Class Act

New York

Dominique Gonzalez-Foerster, T.1912, 2011. Performance views, Guggenheim Museum, New York, April 14, 2011. (Photos: Enid Alvarez)

LAST THURSDAY was the ninety-ninth anniversary of the crash of the Titanic. How did you observe it? At the Guggenheim, to commemorate the disaster, artist Dominique Gonzalez-Foerster staged T.1912, billed in detail as “a site-specific staged audience experience in the museum’s rotunda. Gavin Bryars’s The Sinking of the Titanic will be at the core of the installation, performed by The Wordless Music Orchestra. Boarding closes at 8:40 PM and 10:40 PM.” The wreck-fest nicely links to “The Great Upheaval,” a current exhibition featuring the Titanic-era tableaux of Der Blaue Reiter.

I attended the “First Class Dinner and Boarding,” a “Titanic-inspired three-course dinner” in the Guggenheim’s “award-winning restaurant, The Wright,” where Ben Whine graciously greeted me at the door.

“Are you the maître d’? Captain of the ship?”

“I’m the director of development,” he replied affably and glided me toward the bar, where I felt conspicuous not knowing anyone. The swanky, cliquey-feeling room was filled with mostly ladies, very Upper East Side–looking and “done.”

One of them picked up on my aura of insecurity:

“You’re going to have a great time!” predicted my new psychic friend. “You look great! I love your shoes,” my rescuer enthused. “A couple of girlfriends and I decided, ‘Why not do this?’ ” She nodded toward another blonde not-smiling at the bar: “It’ll be fun.” Grateful, I shifted into mingle cruise control.

A couple approached me. From Connecticut, talking up the Greenwich Art Fair. They said they’d been in publishing.

“I’m from Artforum,” I divulged.

“Hard to read,” declared the chap.

“Well, I try not to be too boring.”

“I like the ads. Journalism doesn’t pay very much,” he informed me. “But you get fringe benefits like this.” He gestured at the room filled with art appreciators about to eat their “First Class Dinner.”

A friend said later: “It’s like the first thing he thought of was: ‘How much money do you make doing that?’ Basically rich-people dick-measuring.”

Dinner was lovely. I was seated near a Parisian art book publisher who scoped the sleek white moderne dining room of the Wright, a curvy, compact, yachtlike space: “A lot of ladies. Who are they?” He pointed at me, teasing, “Hipsters!”

“They’re rich people.” It was safe to assume, at $350 per person. (The invite said, “$233 is tax-deductible.”)

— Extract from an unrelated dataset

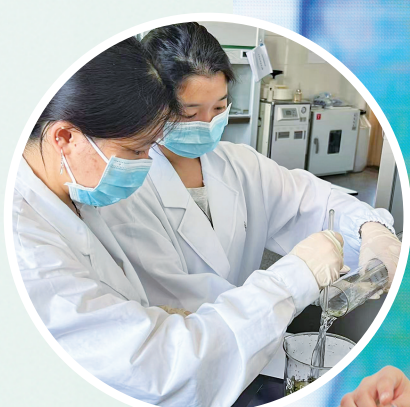
↑铜仁职业技术学院“茶源微丸”团队开展废弃茶枝叶成分提取实验。(受访者供图)

近年来，贵州职业教育紧扣产业发展所需，强化内涵建设，多措并举创新，助力一片片原生态“绿叶”悄然蜕变成富民强省的“金叶”。

“Bohemians!” he pressed on.

Well, it costs a lot to be a bohemian these days.

“Will you be in Venice?” I was asked several times. “Are you going to Basel?”

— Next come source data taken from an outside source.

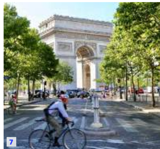
1. パッサージュ ボムレ, ナント。(秋季撮影) Passage Pommeraye, Nantes. This photo was taken during the autumn season. / 2. 旧港, マルセイユ。Old Port of Marseille. / 3. ノートルダム・ドゥ・ラ・ガルド寺院, マルセイユ。(夏季撮影) Basilique Notre-Dame de la Garde, Marseille. This photo was taken during the summer season. / 4. パリ, フランス。Paris, France. / 5. イフ城, マルセイユ。Château d'If, Marseille. / 6. エッフェル塔, パリ。(夏季撮影) Tour Eiffel, Paris. This photo was taken during the summer season. / 7. エトワール凱旋門, パリ。(夏季撮影) Arc de Triomphe, Paris. This photo was taken during the summer season.
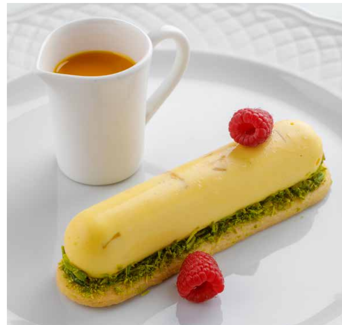
ТРОПИЧЕСКИЙ ДЕСЕРТ С МАНГО TROPICAL DESSERT WITH MANGO
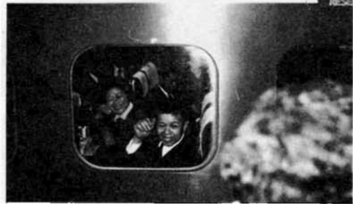
▲初乗りの新幹線出発
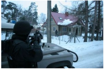
Podczas jednej z akcji
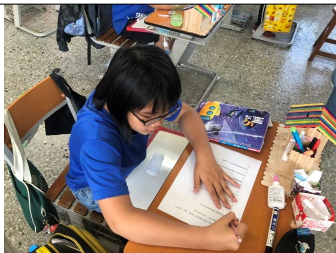
透過學習單讓學生更了解課文內容
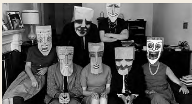
↓ Saul Steinberg Ritratto di gruppo con maschere 1962

Dominique Gonzalez-Foerster, T.1912, 2011. Performance views, Guggenheim Museum, New York, April 14, 2011. (Photos: Enid Alvarez)

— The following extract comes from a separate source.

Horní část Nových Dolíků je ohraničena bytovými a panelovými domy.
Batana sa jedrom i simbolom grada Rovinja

After the grub, it was time to “board”: “What will the audience-participation be?” I doubted it would involve any liquid splashing around the Kandinskys. 303 Gallery’s Lisa Spellman, there to “support Dominique,” was a trove of Titanic trivia. A reporter from the Daily News grilled her, taking copious notes. Spellman seemed very tuned in to the disaster’s resonance for us today: “the inequality” represented by the third-class passengers who mostly perished because they were architecturally segregated from the lifeboats. With crummy access to the scarce lifelines, they hardly had a chance.

We were escorted to the elevators and released at “The First Class Deck” at the pinnacle of the Gugg, where a private bar continued the special treatment. Down in the rotunda, “a ghost orchestra” was dressed all in white. “Lower-class” ticket holders lined the galleys below. In the First Class bubble, we hadn’t been aware of any other guests. The dimly lit space, now rimmed with “passengers,” was the Titanic where “the band played on” as it did, supposedly, during the famous disaster. The music was haunting and stately.

About midway through, people were quietly “evacuated” from the lower decks of the “ship.” Some streamed up to “First Class.” Some massed down at the base of the rotunda, like a dark swarm of Jonahs against the white whale–like void of the museum. The elegiac music played on as the audience scattered, everyone inconvenienced except First Class, in an effective and not-at-all-messy evocation of the wreck. From my perch, I thought of all the people who perished randomly and the class differentiation that stacked the deck against the low-budget set. It was an effective memorial to the “great upheaval” of the shipwreck. And an apt metaphor for society then and now.

I survived the evening. Yet another reminder it’s better to go first class.